** Work order **
It would help if you retyped the data exactly, leaving out the pictures.

** Data section **
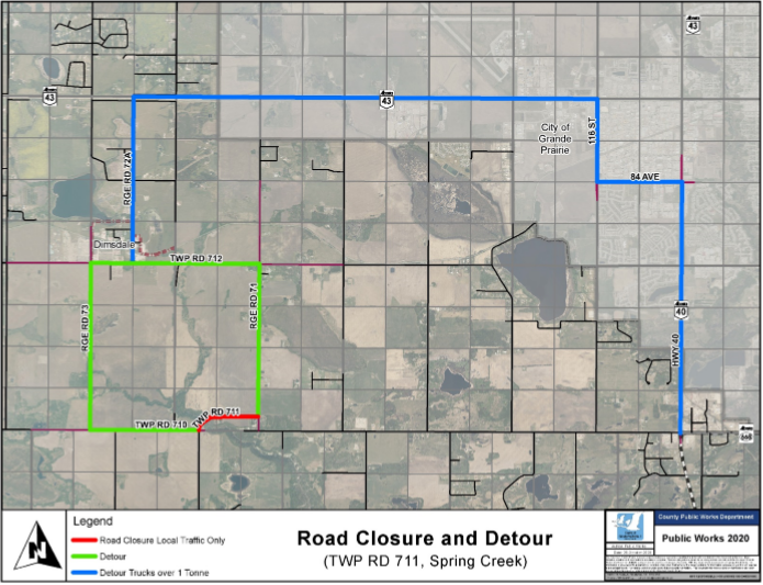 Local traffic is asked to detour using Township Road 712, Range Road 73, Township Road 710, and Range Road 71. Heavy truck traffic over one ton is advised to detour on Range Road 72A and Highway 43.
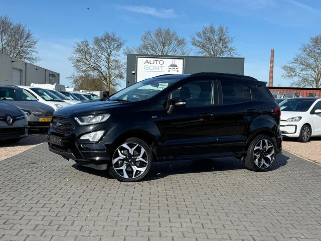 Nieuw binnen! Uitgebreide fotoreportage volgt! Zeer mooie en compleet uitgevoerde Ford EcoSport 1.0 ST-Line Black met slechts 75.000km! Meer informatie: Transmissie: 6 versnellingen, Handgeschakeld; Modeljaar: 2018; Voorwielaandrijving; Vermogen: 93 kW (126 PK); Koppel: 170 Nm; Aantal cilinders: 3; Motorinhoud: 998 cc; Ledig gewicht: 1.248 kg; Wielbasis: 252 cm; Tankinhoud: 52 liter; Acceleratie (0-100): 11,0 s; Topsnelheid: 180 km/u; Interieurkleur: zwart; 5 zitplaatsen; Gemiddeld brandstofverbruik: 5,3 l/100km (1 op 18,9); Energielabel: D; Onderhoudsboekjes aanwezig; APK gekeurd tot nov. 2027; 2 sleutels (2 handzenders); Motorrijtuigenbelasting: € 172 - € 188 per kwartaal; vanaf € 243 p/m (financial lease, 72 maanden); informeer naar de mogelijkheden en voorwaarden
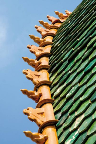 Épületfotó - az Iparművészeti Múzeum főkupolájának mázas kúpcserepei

** Solution below **
 Local traffic is asked to detour using Township Road 712, Range Road 73, Township Road 710, and Range Road 71. Heavy truck traffic over one ton is advised to detour on Range Road 72A and Highway 43.
 Nieuw binnen! Uitgebreide fotoreportage volgt! Zeer mooie en compleet uitgevoerde Ford EcoSport 1.0 ST-Line Black met slechts 75.000km! Meer informatie: Transmissie: 6 versnellingen, Handgeschakeld; Modeljaar: 2018; Voorwielaandrijving; Vermogen: 93 kW (126 PK); Koppel: 170 Nm; Aantal cilinders: 3; Motorinhoud: 998 cc; Ledig gewicht: 1.248 kg; Wielbasis: 252 cm; Tankinhoud: 52 liter; Acceleratie (0-100): 11,0 s; Topsnelheid: 180 km/u; Interieurkleur: zwart; 5 zitplaatsen; Gemiddeld brandstofverbruik: 5,3 l/100km (1 op 18,9); Energielabel: D; Onderhoudsboekjes aanwezig; APK gekeurd tot nov. 2027; 2 sleutels (2 handzenders); Motorrijtuigenbelasting: € 172 - € 188 per kwartaal; vanaf € 243 p/m (financial lease, 72 maanden); informeer naar de mogelijkheden en voorwaarden
 Épületfotó - az Iparművészeti Múzeum főkupolájának mázas kúpcserepei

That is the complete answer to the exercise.